§ **Work required**
For this exercise, copy exactly the lines below from the one with "Мощный компьютер для" through the one with "- IT’S ALL IN" and leave out the pictures.

[Input — start]

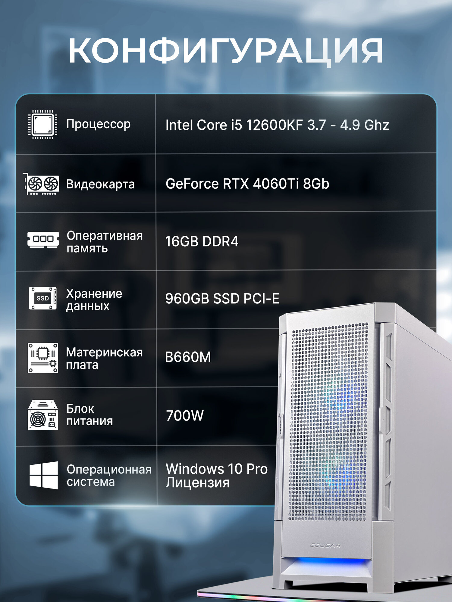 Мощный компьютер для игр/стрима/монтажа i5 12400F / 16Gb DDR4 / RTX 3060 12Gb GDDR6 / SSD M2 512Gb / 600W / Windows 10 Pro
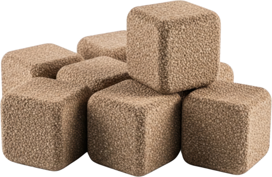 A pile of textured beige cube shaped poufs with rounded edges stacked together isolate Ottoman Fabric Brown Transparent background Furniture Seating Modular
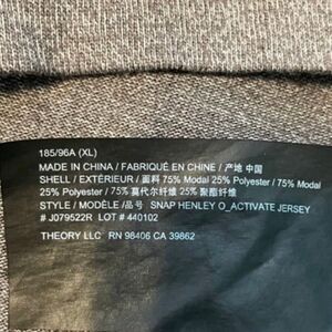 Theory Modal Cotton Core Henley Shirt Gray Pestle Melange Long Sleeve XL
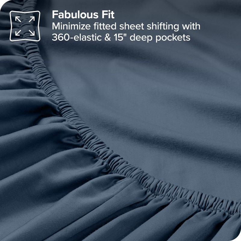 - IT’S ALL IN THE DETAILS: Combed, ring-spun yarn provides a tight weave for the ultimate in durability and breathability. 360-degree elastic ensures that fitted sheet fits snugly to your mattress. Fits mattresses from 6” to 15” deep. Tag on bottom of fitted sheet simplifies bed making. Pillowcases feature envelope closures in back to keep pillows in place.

[Input — finish]
[Input — start]

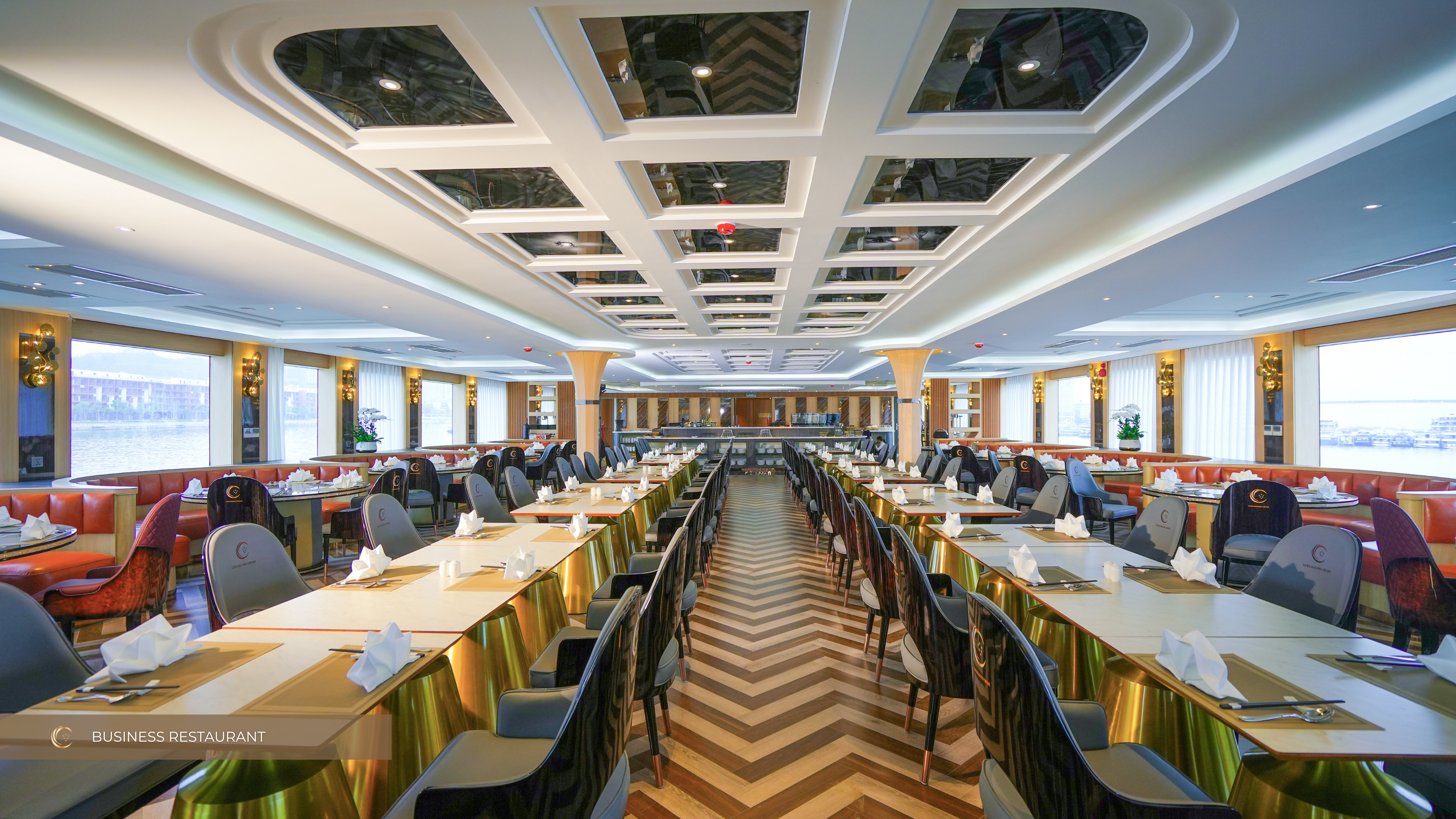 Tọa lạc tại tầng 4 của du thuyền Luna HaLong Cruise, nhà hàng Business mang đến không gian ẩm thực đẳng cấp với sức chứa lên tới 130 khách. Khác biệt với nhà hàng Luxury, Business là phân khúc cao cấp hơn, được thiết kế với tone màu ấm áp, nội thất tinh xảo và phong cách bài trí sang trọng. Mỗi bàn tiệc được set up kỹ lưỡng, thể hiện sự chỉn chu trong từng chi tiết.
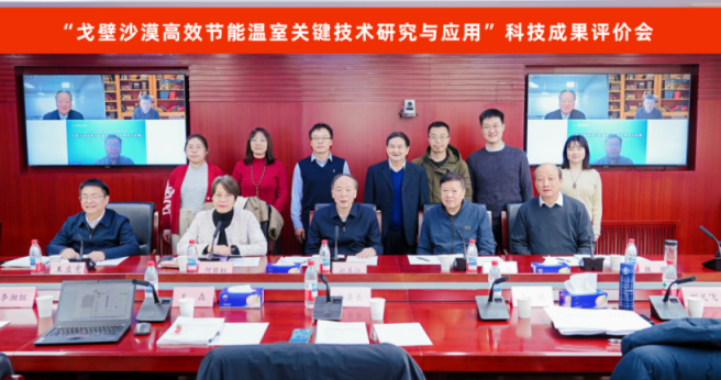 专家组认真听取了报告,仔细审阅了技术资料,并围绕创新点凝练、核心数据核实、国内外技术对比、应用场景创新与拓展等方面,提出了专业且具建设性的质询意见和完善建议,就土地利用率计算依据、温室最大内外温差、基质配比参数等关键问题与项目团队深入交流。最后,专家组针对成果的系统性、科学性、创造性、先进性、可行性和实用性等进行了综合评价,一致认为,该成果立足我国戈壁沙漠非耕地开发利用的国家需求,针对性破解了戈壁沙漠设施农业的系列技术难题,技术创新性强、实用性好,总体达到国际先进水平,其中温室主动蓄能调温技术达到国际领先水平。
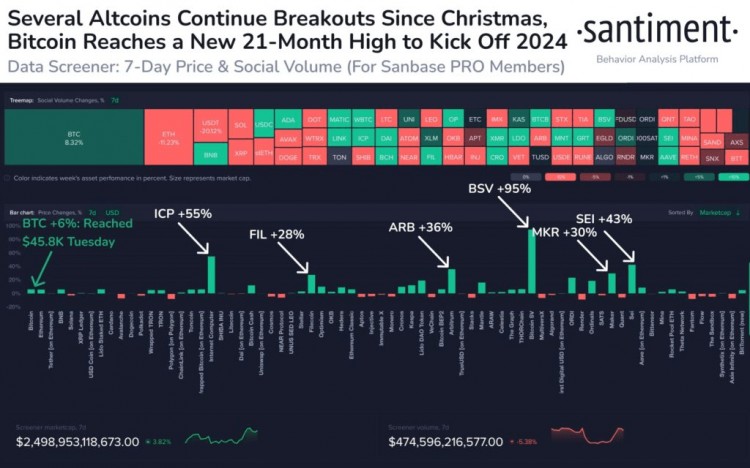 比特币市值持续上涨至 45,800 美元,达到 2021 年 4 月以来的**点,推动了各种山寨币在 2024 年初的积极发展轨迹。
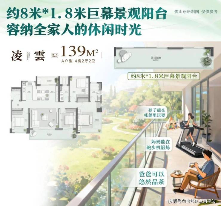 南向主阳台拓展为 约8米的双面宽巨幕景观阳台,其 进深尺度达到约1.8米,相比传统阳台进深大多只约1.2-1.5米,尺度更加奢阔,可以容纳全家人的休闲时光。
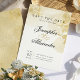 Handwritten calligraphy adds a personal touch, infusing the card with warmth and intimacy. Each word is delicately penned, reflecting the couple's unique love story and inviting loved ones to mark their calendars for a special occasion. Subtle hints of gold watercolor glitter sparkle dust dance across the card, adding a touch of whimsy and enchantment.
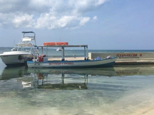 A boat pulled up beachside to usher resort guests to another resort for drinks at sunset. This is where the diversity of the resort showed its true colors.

[Input — finish]

§ **Response below**
 Мощный компьютер для игр/стрима/монтажа i5 12400F / 16Gb DDR4 / RTX 3060 12Gb GDDR6 / SSD M2 512Gb / 600W / Windows 10 Pro
 A pile of textured beige cube shaped poufs with rounded edges stacked together isolate Ottoman Fabric Brown Transparent background Furniture Seating Modular
 Theory Modal Cotton Core Henley Shirt Gray Pestle Melange Long Sleeve XL
 - IT’S ALL IN THE DETAILS: Combed, ring-spun yarn provides a tight weave for the ultimate in durability and breathability. 360-degree elastic ensures that fitted sheet fits snugly to your mattress. Fits mattresses from 6” to 15” deep. Tag on bottom of fitted sheet simplifies bed making. Pillowcases feature envelope closures in back to keep pillows in place.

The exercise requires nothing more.